> _Exercise description_: For the material below, output exactly the span from the line with "Harvesting a bumper" to the line with "regulation of the", including both, and nothing besides.

> _Information provided_:
Segment Open
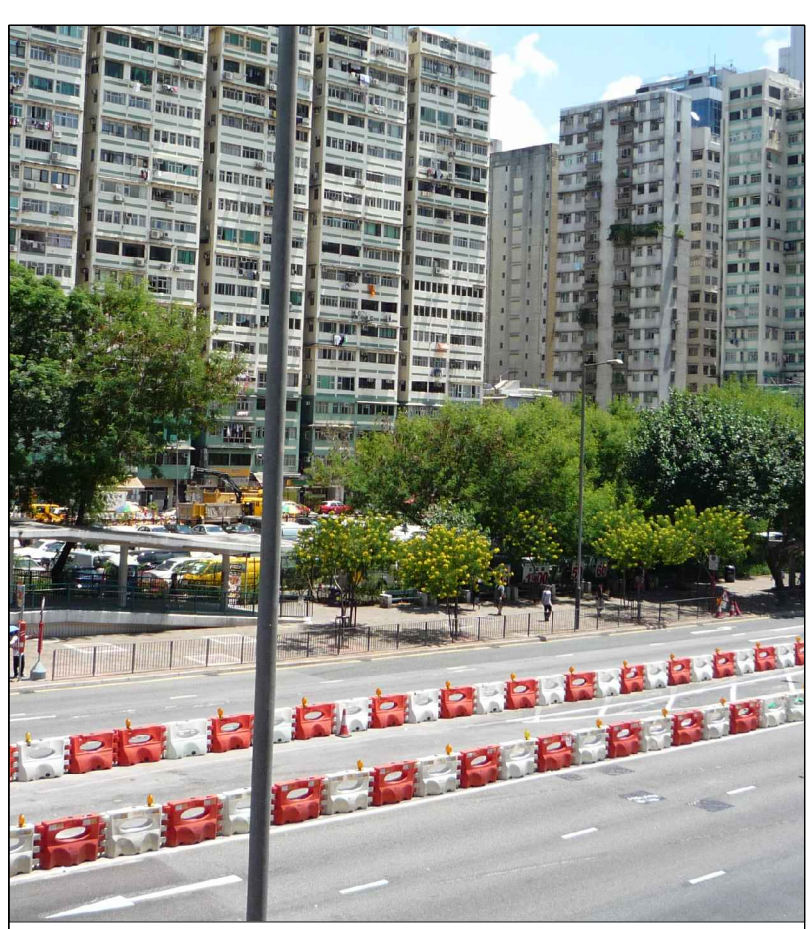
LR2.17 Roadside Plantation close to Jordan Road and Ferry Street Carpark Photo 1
Segment Closed
Segment Open
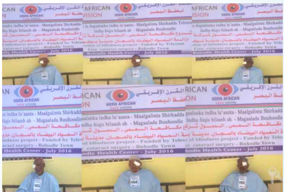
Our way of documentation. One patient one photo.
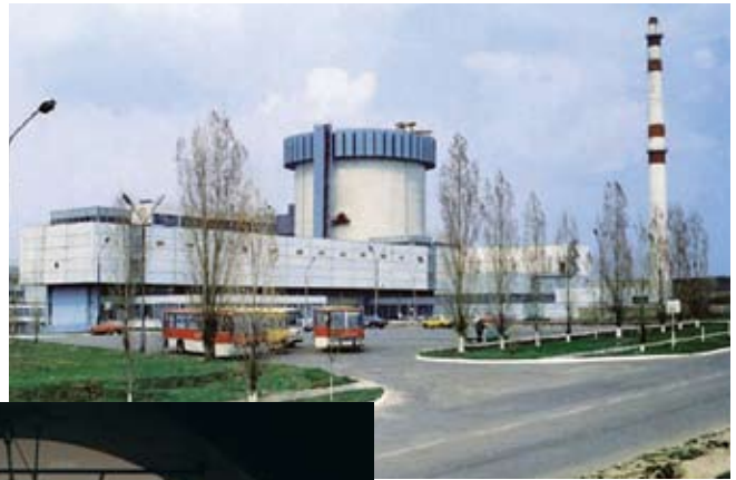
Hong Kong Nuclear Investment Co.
Segment Closed
Segment Open
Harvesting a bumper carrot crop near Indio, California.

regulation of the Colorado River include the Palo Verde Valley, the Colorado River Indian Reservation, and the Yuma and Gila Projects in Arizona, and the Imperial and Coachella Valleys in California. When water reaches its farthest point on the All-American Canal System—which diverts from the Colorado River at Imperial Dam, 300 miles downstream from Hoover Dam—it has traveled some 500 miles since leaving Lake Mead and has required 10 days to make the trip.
Segment Closed
> _Response below_:
Harvesting a bumper carrot crop near Indio, California.

regulation of the Colorado River include the Palo Verde Valley, the Colorado River Indian Reservation, and the Yuma and Gila Projects in Arizona, and the Imperial and Coachella Valleys in California. When water reaches its farthest point on the All-American Canal System—which diverts from the Colorado River at Imperial Dam, 300 miles downstream from Hoover Dam—it has traveled some 500 miles since leaving Lake Mead and has required 10 days to make the trip.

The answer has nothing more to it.